The high intensity lights 102 may be arranged in various ways within/along the housing 110. Additional high intensity lights 102′ with respective reflectors 106′ may be provided as well. According to various embodiments, high intensity illumination means the use of a high power LED for maximum light output. Example devices include surface mount LED chips. According to various other embodiments, a high intensity light may also utilize a high wattage halogen or HID bulb. According to yet other embodiments, a blue laser focused on a yellow phosphorous may be used as a high intensity light source for the high intensity light 102.

The low intensity lights 104 may be arranged in various ways within/along the housing 110. The arrangement of the low intensity lights 104 may be adjacent to the high intensity lights 102. According to various embodiments, low intensity illumination means lower output LEDs such as low power LEDs or COB modules (chip on board). COB modules involve printing several small LEDs directly onto a board, then potting over the chips with a transparent substrate that can be colored to change the output color of the LED. According to additional embodiments, low intensity illumination may include low wattage halogen bulbs, cfl, lightways or similar technology.

Various embodiments of the present teachings provide for a LED light bar 100 that combines the flood performance and look of a low intensity light 104 using LED COB module with the higher output performance of a high intensity light 102 using high intensity LEDs, while keeping manufacturing and piece price low.
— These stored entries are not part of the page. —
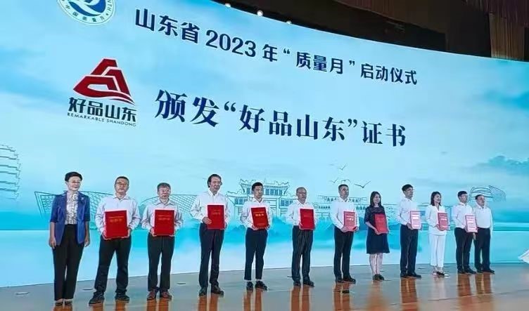 2023年9月12日,山東省2023年“質(zhì)量月”啟動(dòng)儀式在淄博舉行。我公司作為“好品山東”的企業(yè)代表,受邀出席,并在會(huì)上現(xiàn)場(chǎng)上臺(tái)領(lǐng)取“好品山東”形象標(biāo)識(shí)授權(quán)使用證書(shū)。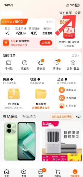 1. 进入淘宝的“我的淘宝”页面,点击“设置”选项。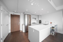 Discover Cascade City by Landa. This 901 sqft 2 bedroom, 2 bathroom SOUTH-EAST CORNER home showcases a WRAPAROUND balcony overlooking the serene courtyard. The sophisticated interior offers an open-concept layout with engineered hardwood flooring, a sleek kitchen island, and a premium Miele appliance package. Year-round comfort is provided by built-in A/C. Perfectly positioned near Richmond Centre, Aberdeen, YVR Airport, and just steps to the Canada Line. Residents enjoy exclusive access to a 3,000 sqft fitness centre, guest suite, stylish club lounge, and a landscaped 25,000 sqft podium garden. One parking and storage included.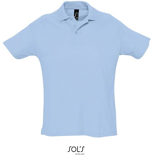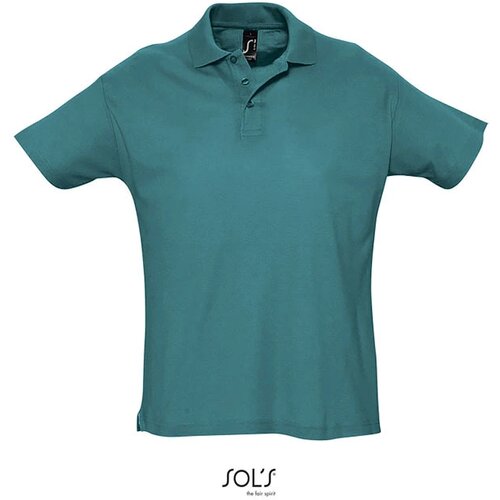 SOL'S SUMMER II Heren Polo 170g/m². Product met een uitstekende prijs-/kwaliteitverhouding. Breed assortiment kleuren. 100% gekamd katoen geribde kraag. Verstevigingsband in de nek. Versterkte knoopsluiting. 3 knoopsluiting in bijpassende kleur. Recht afgewerkte onderkant. Met zijsplitjes met zijnaad.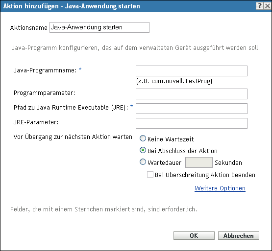 Im Dialogfeld „Aktion - Java-Anwendung starten“ können Sie ein Java*-Programm konfigurieren, das auf dem verwalteten Gerät ausgeführt werden soll.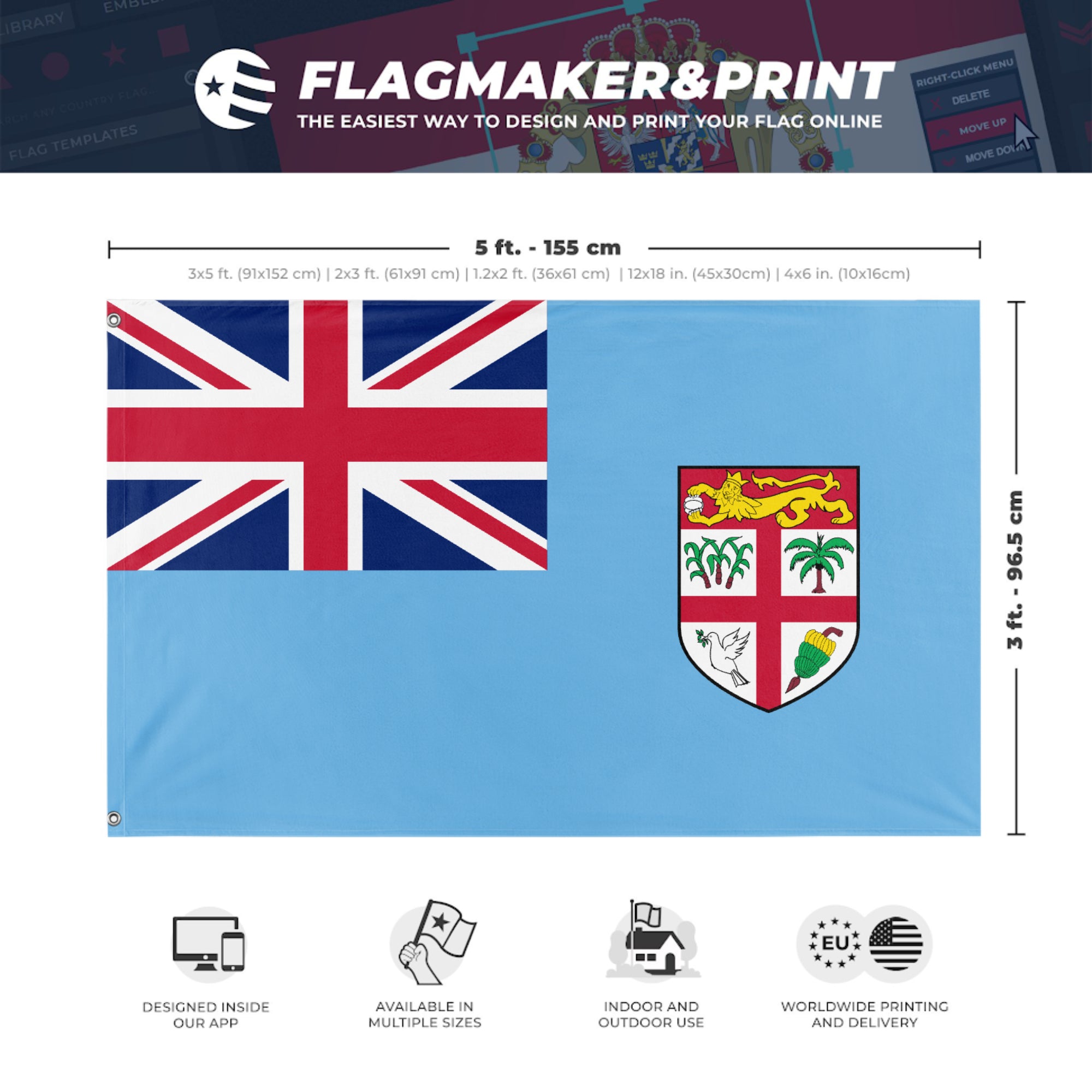 ✒️ The flag of Fiji features a light blue field with the Union Jack in the upper hoist-side quadrant, symbolizing the country’s historical ties to the United Kingdom. On the fly side is the shield from the national coat of arms, which depicts a red cross on a white background with images representing agriculture, including a sugar cane, coconut palm, bananas, and a dove of peace. The light blue color represents the Pacific Ocean surrounding the islands. Officially adopted on October 10, 1970, upon independence, the flag reflects Fiji’s colonial heritage, natural environment, and national identity.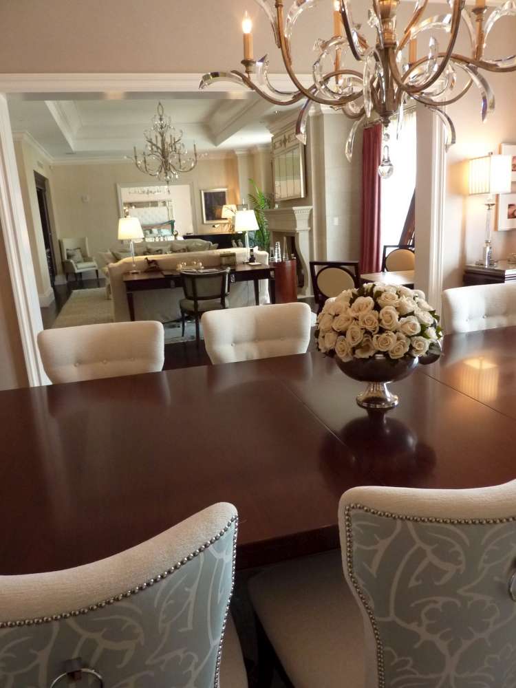 Throughout the suite, elegant crown moldings, handcrafted chandeliers and macasser ebony furnishings meld with a soothing color palette to define artful residential style. Hues of cream, taupe and mineral green along with sprays of fresh flowers create a soothing space made even more inviting with floor-to-ceiling windows.
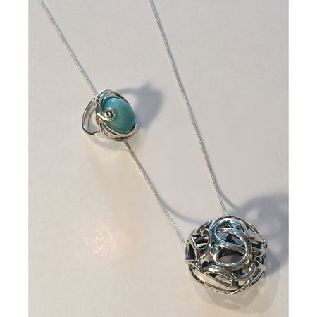 {Sterling Silver in -the -round Pendant / yes, that is my new over-sized cabochon of amazonite ring … not to be missed}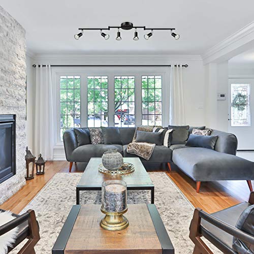 • Ascher 6-Light LED Track Lighting Kit, Flexibly Rotatable Light Heads, 6 Way Ceiling Spotlight Black Finish, Including 6 GU10 LED Bulbs (4W 400LM Daylight White 5000K)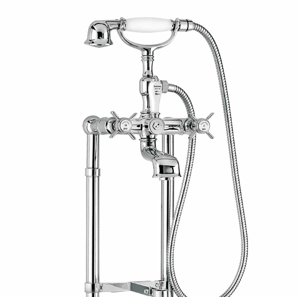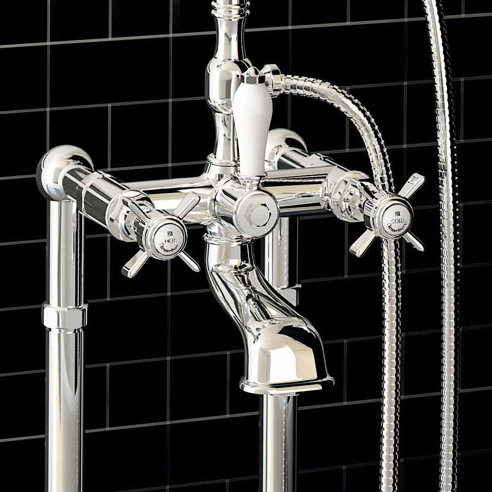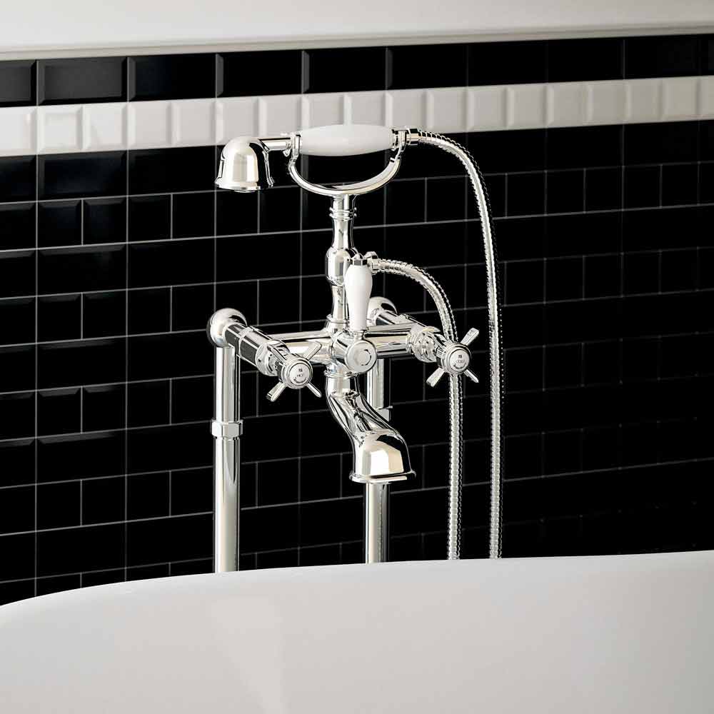 Robinet de bain extérieur sur colonnes de sol avec inverseur et douche duplex Made in Italy.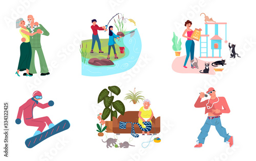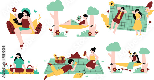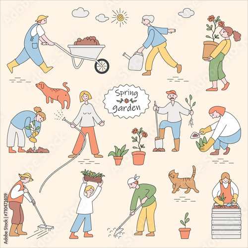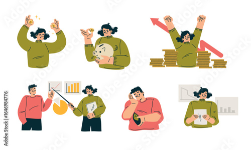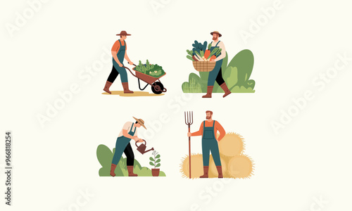 Мужчина и женщина-персонажи собирают фрукты на ферме Грейден. Набор векторных иллюстраций фермеров, работающих в яблоневом саду и собирающих фрукты с дерева. Сезон сбора урожая, сельское хозяйство, ферма.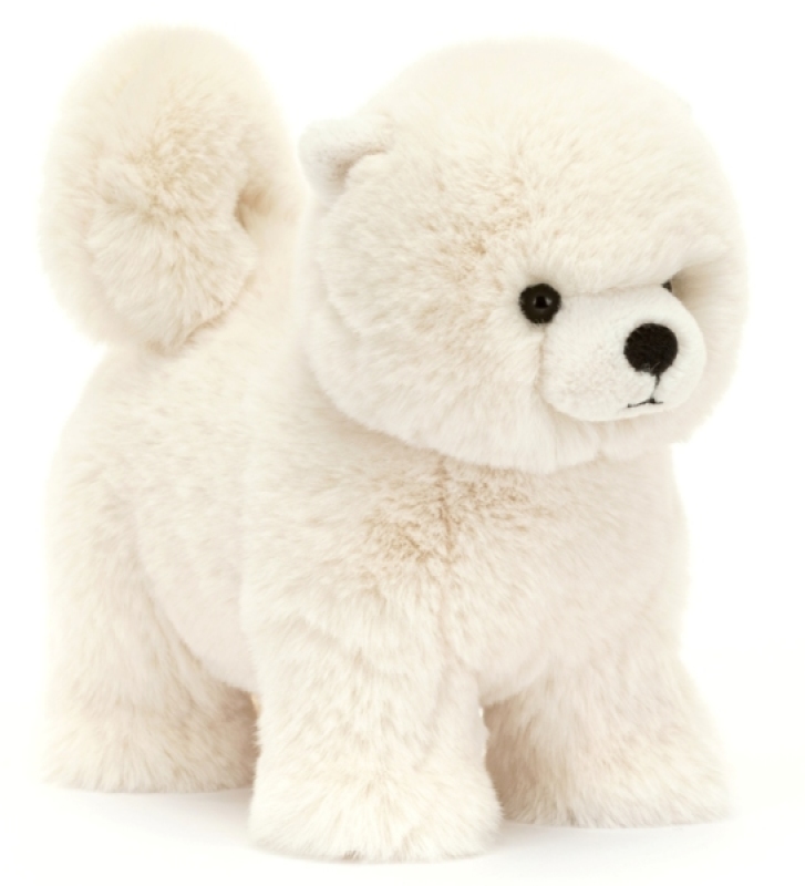 Dans la famille Jellycat, voici mon joli chien PoméranieCette adorable peluche chien, de couleur blanc, est toute douce et parfaite pour faire de gros câlins.

The lower cost LED COB module fills the space between high intensity LEDs, and provides the additional benefit of close range performance. By filling this space between high intensity LEDs, the high intensity LEDs may be spaced in such a manner as to reduce the number of high intensity LEDs in a given light bar 100. Additionally, the used of LED COB modules in the space between the high intensity LEDs allows the light bar to maintain an appearance of full illumination when in use.

According to various embodiments, the inventive subject matter allows light bars to be offered at greater sizes (and shapes) for less cost to the customer. The construction also offers the opportunity to illuminate the lower intensity LED COB modules independently from the high intensity LED (or combinations of the two), giving the operator greater range of application. Additionally, LED COB modules may be provided in various colors (through the coloration of the transparent potting material) without the need to use different color lenses in the light bar 100. This allows for a single light bar 100 to not only provide differing intensities of illumination, but also differing colors. This is beneficial because the color/wavelength of the emitted light can be more or less useful in various driving/weather conditions (i.e. yellow lights for fog).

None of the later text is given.